198 «Li hai poi presi?» chiese lui, bisbigliando. «Sì, certo, ce li ho qui in tasca!» risposi. Dopo l’Elevazione, ci dirigemmo verso la balaustra per ricevere la Comunione, passando lentamente accanto alle Bartoletti tutte impellicciate che stavano in piedi – non si inginocchiavano mai per non rovinare le calze – e con gli occhi chiusi, assorte nella preghiera. Zac, Zac sulle loro rispettive sedie. Ricevemmo la Comunione, e subito dopo ci scambiammo un sorriso malizioso d’intesa. “Credo che il Signore ci perdonerà”, pensai. Dopo essersi abbassate un po’, quelle due tabalòrie114 si sedettero, tirando la sedia sotto i loro culi secchi e piatti come taglieri. Lo scherzo era più semplice di quanto si pensi. Io e Vittorio avevamo nascosto, tra le mani giunte, il buon formaggino Mio senza stagnola. Quando ci eravamo avvicinati alle sedie delle Bartoletti, avevamo “lanciato” i formaggini sui loro sedili. Terminata la Messa, uscimmo tutti, e ci appostammo a breve distanza dalle nostre vittime, che nel frattempo scambiavano i consueti auguri con i conoscenti, ricevendo anche tanti complimenti per le loro belle pellicce. Poi a un tratto: «Eh be’, Margherita, ma cos’è quel bianco appiccicoso che hai dietro, sulla pelliccia?» Lei se la tolse subito per controllare. «Oh, mamma mia, che rovina! Ma ce l’hai anche tu Giuliana.

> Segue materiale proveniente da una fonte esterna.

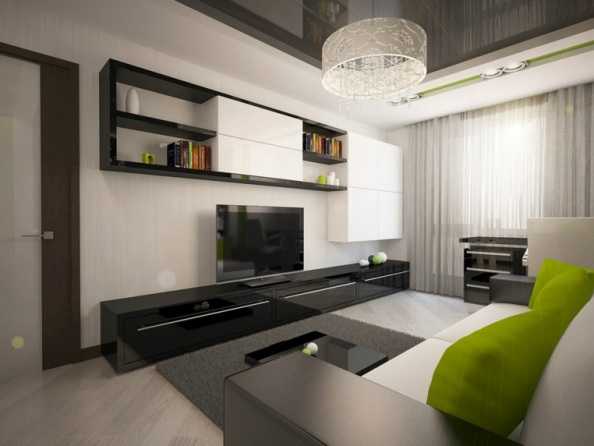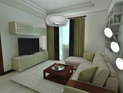 Гостиную в основном оформляют небольшим удобным диваном, предпочтительно в светлых оттенках, журнальным столиком, комодом, креслами или пуфиками. В дизайне не применяют крупные и слишком громоздкие предметы и большое количество украшений. Здесь гораздо уместнее использование встроенных конструкций и небольших ярких акцентов, в виде такого декора, как подушки, пледы, покрывала или шторы.

Eh, bén bén che paciugo, e che puzza di formaggio!» «Sarà stato certo qualche ingordo miscredente che l’ha mangiato in chiesa e poi gli è caduto!» «Mamma mia, ma che sacrilegio!» ragliò Margherita in preda all’ira. «Ma chi c’era dietro di noi?» «Bén, ma non ti ricordi? C’erano il dottor Mondini con sua moglie. Non credo però che sia stato lui, è una persona così perbene. Ma sua moglie, quella brutta lardosa, deve essere stata proprio lei. Secondo me deve avere il verme solitario, per mangiare anche in chiesa! Sì, sì, e il dottore dice agli altri di fare la dieta, ma che si vergogni pure!» 114 Schiocche.